Prior to her transfer to the U.S. Coast Guard, Glacier had her smaller armament removed. In 1968, the 5-inch guns were also removed. Only M2 Browning machine guns, M60 machine guns and small arms were retained for law enforcement purposes. During 1973, she and her helicopters were painted red for improved Arctic visibility.
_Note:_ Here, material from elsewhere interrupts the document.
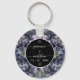 A bold and sophisticated Wedding keychain featuring dramatic dusty blue and grey floral illustrations against a stark black background. The crisp white typography and classic layout set an elegant, moody tone. Perfect for a formal evening or a sophisticated wedding.

In the 1975, the Glacier was trapped in ice in Antarctica for six days, finally breaking free and escaping into the waters of Antarctic Sound on 10 March 1975, the Coast Guard in Long Beach, California, reported, the vessel's homeport. "She backed and rammed her way to the open sea with the use of only one of her two propellors," said the Coast Guard. Two of the three blades on her other screw were sheared off by "steel hard ice" on Wednesday 5 March, while en route to assist an Argentine icebreaker, the Gen. San Martin, which had engine trouble while on a supply mission to a south polar scientific base. The Argentine ship made its way to freedom on its own.[2]

[edit] Decommissioning

Following 29 Antarctic and 10 Arctic deployments, Glacier was decommissioned in 1987. She is currently under the control of the U.S. Maritime Administration, located in the U.S. Naval Reserve Fleet, Suisun Bay, on the Sacramento River, California. The Glacier Society saved Glacier from the scrapyard in 2000, and plans to convert the ship into a hospital/research vessel.

[edit] References

  1. ^ Janes Fighting Ships 1979-80, Captain John E Moore (ed), Janes Yearbooks, London, 1979. ISBN 0-354-00587-1
  2. ^ United Press International, "Icebreaker Gets Away From Ice", Playground Daily News, Fort Walton Beach, Florida, Wednesday 12 March 1975, Volume 30, Number 29, page 8B.